▶ [TASK MATERIAL]:
<<<<

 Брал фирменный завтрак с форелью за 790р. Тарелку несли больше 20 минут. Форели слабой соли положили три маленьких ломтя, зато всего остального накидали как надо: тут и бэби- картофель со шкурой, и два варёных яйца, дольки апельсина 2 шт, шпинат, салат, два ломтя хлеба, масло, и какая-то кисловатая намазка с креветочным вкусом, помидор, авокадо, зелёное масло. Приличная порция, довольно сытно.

>>>>
<<<<

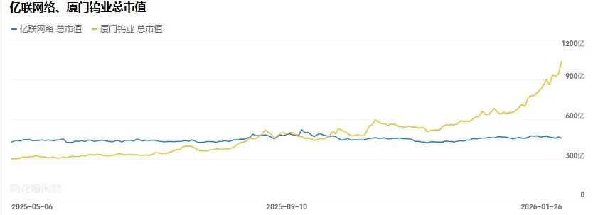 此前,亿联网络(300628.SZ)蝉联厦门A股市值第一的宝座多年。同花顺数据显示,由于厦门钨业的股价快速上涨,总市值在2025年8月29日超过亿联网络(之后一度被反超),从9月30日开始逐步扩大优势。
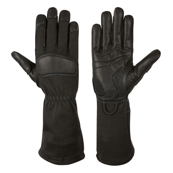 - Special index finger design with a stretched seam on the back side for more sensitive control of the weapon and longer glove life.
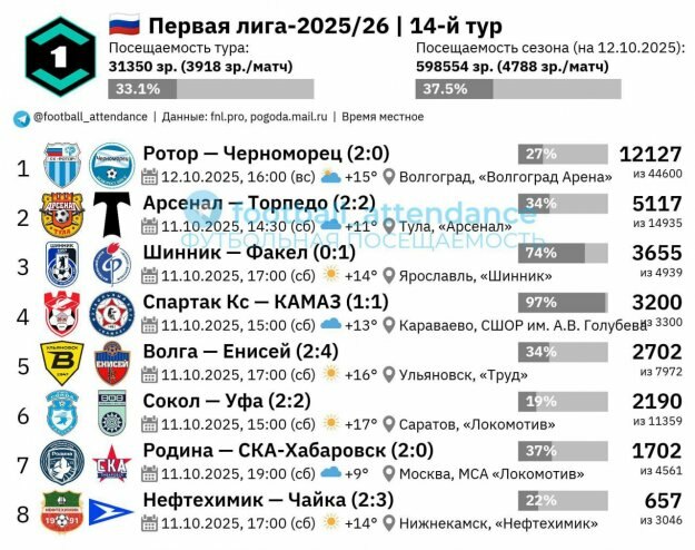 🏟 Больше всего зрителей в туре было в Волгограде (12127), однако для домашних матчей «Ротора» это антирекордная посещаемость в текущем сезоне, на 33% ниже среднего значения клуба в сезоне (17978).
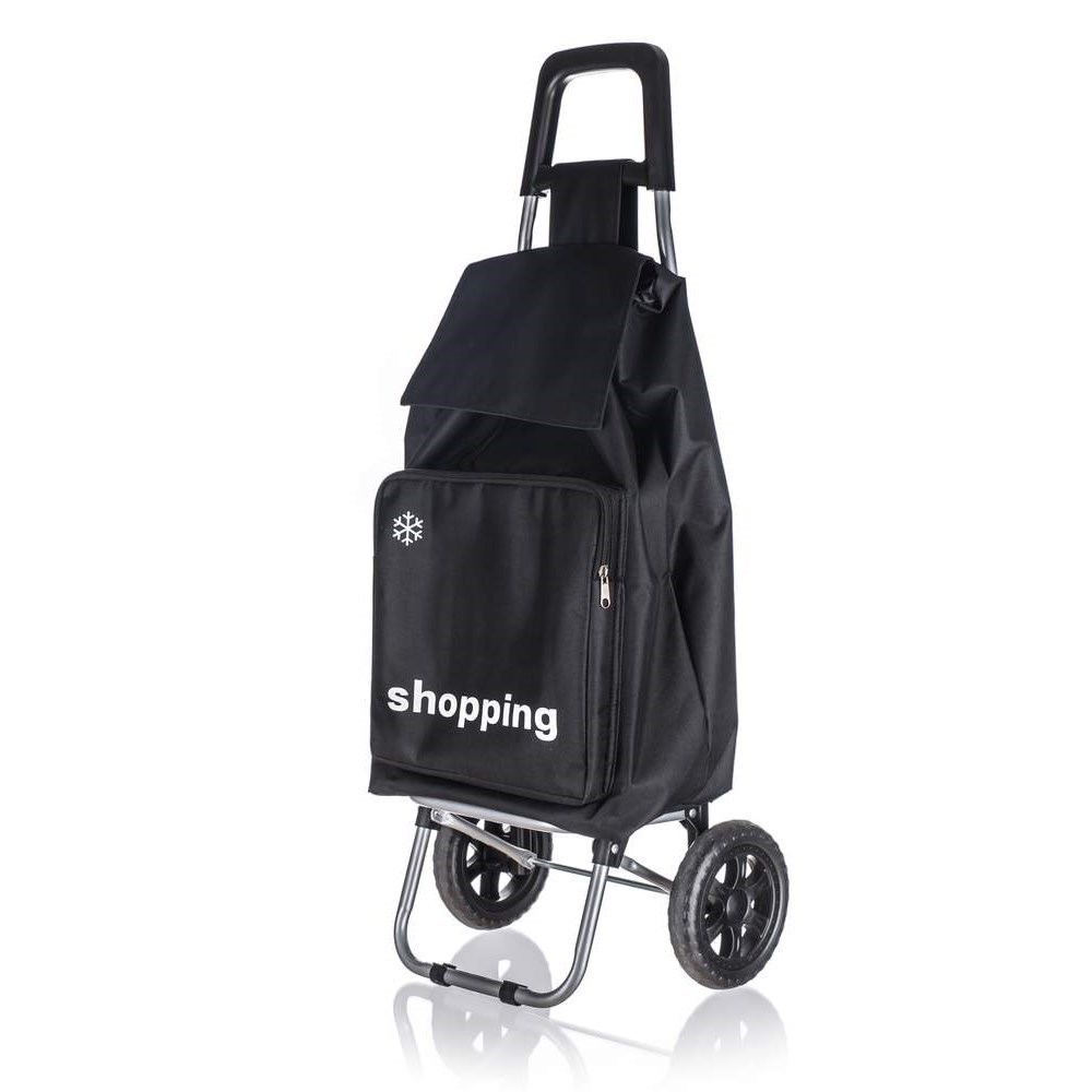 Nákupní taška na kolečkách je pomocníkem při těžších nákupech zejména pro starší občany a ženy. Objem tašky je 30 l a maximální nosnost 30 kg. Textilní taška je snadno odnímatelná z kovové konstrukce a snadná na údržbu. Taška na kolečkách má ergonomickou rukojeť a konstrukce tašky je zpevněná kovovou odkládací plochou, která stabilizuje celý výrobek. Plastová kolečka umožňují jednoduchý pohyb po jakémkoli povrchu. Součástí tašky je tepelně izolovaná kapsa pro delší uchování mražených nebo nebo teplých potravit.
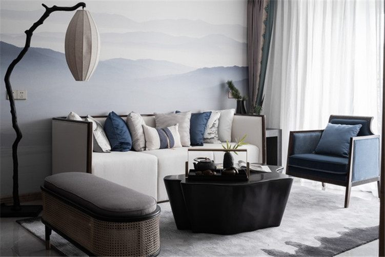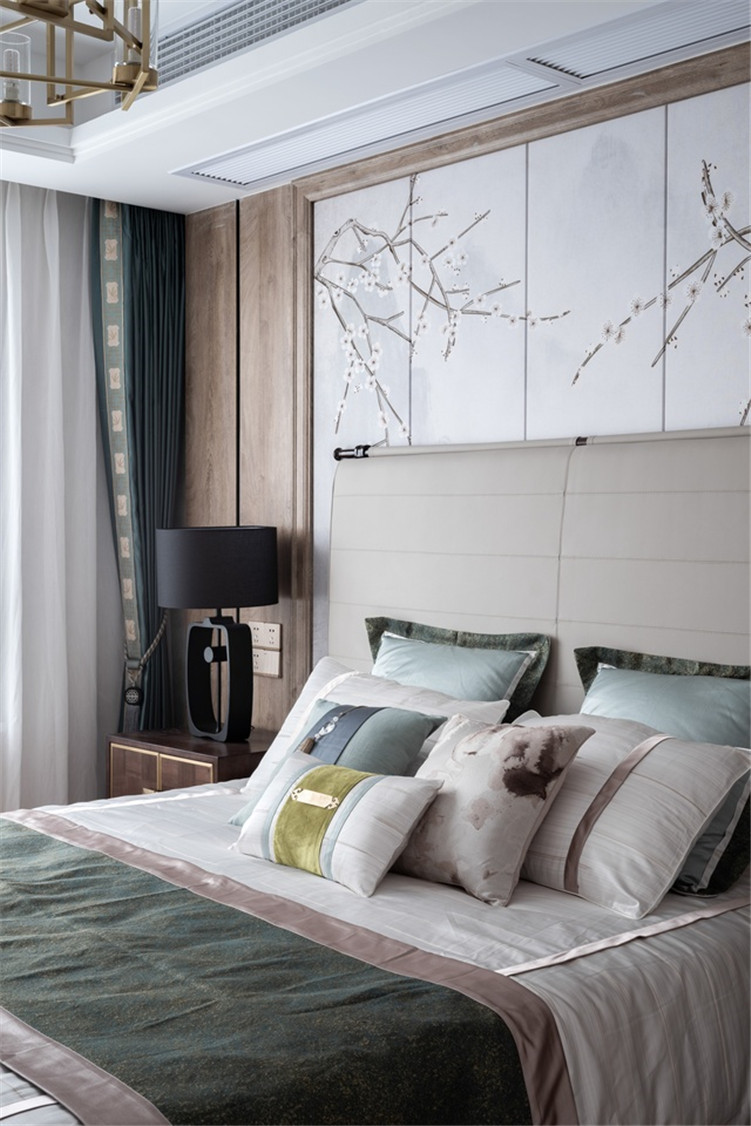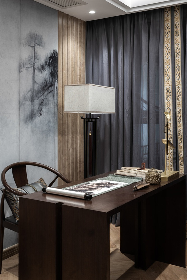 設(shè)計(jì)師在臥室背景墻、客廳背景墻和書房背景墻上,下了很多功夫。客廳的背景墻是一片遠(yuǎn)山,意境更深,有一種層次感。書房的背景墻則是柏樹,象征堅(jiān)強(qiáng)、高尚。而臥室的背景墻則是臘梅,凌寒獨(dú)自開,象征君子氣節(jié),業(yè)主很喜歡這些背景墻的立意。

>>>>
<<<<

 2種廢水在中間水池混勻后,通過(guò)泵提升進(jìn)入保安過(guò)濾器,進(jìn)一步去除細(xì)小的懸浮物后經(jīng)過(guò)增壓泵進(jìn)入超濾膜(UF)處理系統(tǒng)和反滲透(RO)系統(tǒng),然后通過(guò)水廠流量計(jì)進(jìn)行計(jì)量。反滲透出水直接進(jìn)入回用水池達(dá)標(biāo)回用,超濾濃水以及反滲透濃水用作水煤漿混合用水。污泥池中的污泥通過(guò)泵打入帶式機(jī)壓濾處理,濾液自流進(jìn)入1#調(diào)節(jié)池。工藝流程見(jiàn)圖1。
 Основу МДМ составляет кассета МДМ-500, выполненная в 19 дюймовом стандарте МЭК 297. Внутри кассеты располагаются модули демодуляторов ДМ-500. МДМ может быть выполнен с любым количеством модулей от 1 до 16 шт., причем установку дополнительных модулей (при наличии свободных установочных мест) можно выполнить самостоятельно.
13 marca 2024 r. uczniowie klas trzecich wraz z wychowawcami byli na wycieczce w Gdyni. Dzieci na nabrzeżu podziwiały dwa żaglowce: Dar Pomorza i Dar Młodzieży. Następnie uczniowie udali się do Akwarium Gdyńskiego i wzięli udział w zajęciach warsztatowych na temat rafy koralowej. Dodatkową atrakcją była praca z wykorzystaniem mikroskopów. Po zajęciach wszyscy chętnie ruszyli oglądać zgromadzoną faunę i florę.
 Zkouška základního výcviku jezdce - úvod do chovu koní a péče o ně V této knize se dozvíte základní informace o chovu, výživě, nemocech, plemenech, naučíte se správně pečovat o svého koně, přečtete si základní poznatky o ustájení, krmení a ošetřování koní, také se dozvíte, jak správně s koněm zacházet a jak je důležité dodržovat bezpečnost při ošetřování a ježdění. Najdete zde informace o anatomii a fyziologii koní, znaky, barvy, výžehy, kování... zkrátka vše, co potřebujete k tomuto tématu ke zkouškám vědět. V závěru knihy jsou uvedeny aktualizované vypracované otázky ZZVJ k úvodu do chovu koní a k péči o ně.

>>>>

▶ [TASK REQUIREMENTS]: Retype exactly the lines of the data above that fall between the line with "2種廢水在中間水池混勻后,通" and the line with "Основу МДМ составляет", inclusive, and add nothing.

▶ [WRITTEN ANSWER]:
 2種廢水在中間水池混勻后,通過(guò)泵提升進(jìn)入保安過(guò)濾器,進(jìn)一步去除細(xì)小的懸浮物后經(jīng)過(guò)增壓泵進(jìn)入超濾膜(UF)處理系統(tǒng)和反滲透(RO)系統(tǒng),然后通過(guò)水廠流量計(jì)進(jìn)行計(jì)量。反滲透出水直接進(jìn)入回用水池達(dá)標(biāo)回用,超濾濃水以及反滲透濃水用作水煤漿混合用水。污泥池中的污泥通過(guò)泵打入帶式機(jī)壓濾處理,濾液自流進(jìn)入1#調(diào)節(jié)池。工藝流程見(jiàn)圖1。
 Основу МДМ составляет кассета МДМ-500, выполненная в 19 дюймовом стандарте МЭК 297. Внутри кассеты располагаются модули демодуляторов ДМ-500. МДМ может быть выполнен с любым количеством модулей от 1 до 16 шт., причем установку дополнительных модулей (при наличии свободных установочных мест) можно выполнить самостоятельно.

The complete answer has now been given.